The conversation about the workplace is “so binary”, the head of the Institute of Workplace and Facilities Management told delegates attending the Association of University Directors of Estates (AUDE) annual conference last week.
In a video address, Linda Hausmanis, CEO of the IWFM, said the discussion on the future of the workplace due to the effects of the coronavirus pandemic, was too simplistic.
She said: “The conversation is so binary. It’s about whether people should be in the office or at home. Everybody's missing the point. It should be about what work needs to be done, what’s the purpose of the role and where is the best place to do it?”
Hausmanis said the true effects of the pandemic remained to be seen, as the UK was still in a period of uncertainty in other respects.

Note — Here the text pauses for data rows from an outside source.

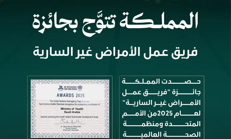 المملكة تُكرَّم بجائزة أممية تقديرًا لجهودها في مكافحة الأمراض غير السارية
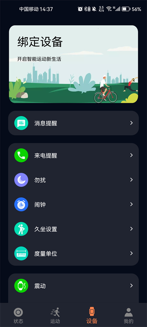 绑定手机设备之后,手机有新的短信或者来电时候,手表也会提醒;
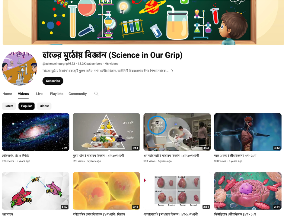 Shefatul Islam (SI): I started my education career when I was an economics student at university. At the time, I was tutoring high school students in subjects like biology, chemistry and physics to help them prepare for their national exams. In some cases, the students had trouble understanding the material because they hadn’t had any experience with it, and they didn’t have the lab facilities to explore it. For example, it was hard for many students to imagine what’s happening inside our bodies – what happens to the pancreas when it’s infected? These concepts were really abstract for the students, and they would often ask me if there were more visual ways to explain the topics. I used to go to YouTube to look up some of these things, so then I thought, “why not develop these videos in our own language?” So I reached out to some of my friends and some of my professors who were working with creative technologies and multimedia, and I started creating my own audio-visual educational content and my own YouTube channel, “Science in our grip.” I’m not managing it anymore, but the content is still very relevant because I made it like “micro-content,” not so much following the curriculum, but focusing on basic ideas from different subjects like “how do our organs work?” and “how do x-rays work?” It got quite popular and then I got an offer from the Prime Minister’s Office to submit a proposal and get some funds to expand my work. They gave me a grant for about $20,000 (USD) so I was able to develop content for all of Bangladesh. That really started my passion for education.
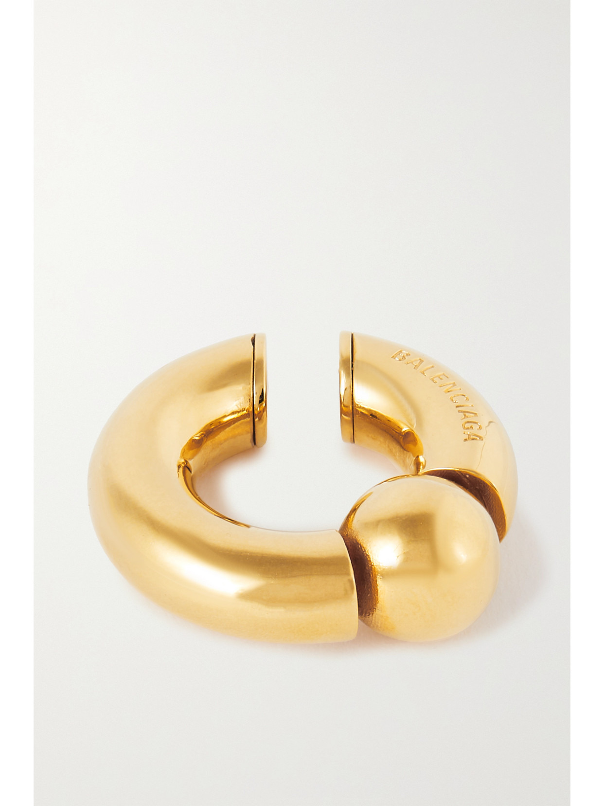 Balenciaga's ear cuff has a chunky sculptural shape that's great for stacking or wearing solo. It's made from gold-tone metal and subtly engraved with the house's moniker.
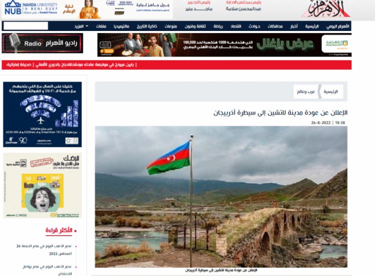 NUHÇIXAN İnformasiya Agentliyi xəbər verir ki, Misirin “Əl Əhram”, “Əl Fağr”, “Nəbd”, Birləşmiş Ərəb Əmirliklərinin “Emarat”, Livanın “Əl Nashra” qəzetlərində avqustun 26-da Laçın şəhərində Azərbaycanın Dövlət Bayrağının ucaldılması haqqında materiallar dərc olunub.

“There are other things are thrown in the mix…there is Brexit and us now being out of Europe – we haven't really even really found our feet yet, as an independent. We've got murmurings of independence in Scotland. So are we talking about the United Kingdom or are we talking about England here? There is so much unrest at the moment. We know from a university point of view, you will have a new cohort coming in by September, new people coming into the new academic year – what's the psychological impact on those individuals that are coming to you, because they will be different from the ones that they came two years ago or three years ago.”
She also expressed concern at how some data showing that more older people want to continue to work from home while younger people desire to gather at offices could lead to a lack of diversity in workplaces.
"Older people say, 'I'm very happy at home, so I don’t have to commute, I don't have to waste my time I can get up in the morning and put the washing machine on. I've got a better quality of life now’. Then what are you doing? Are you creating a youth club in the office? Is that the right thing because I think we must have an inclusive society. That's in schooling including university and it includes work. You must be inclusive, where everybody feels that they are recognised for who they are because otherwise being in the office very much suits only the extroverts."
Hausmanis added that ultimately “each organisation will have to choose what is right for them”.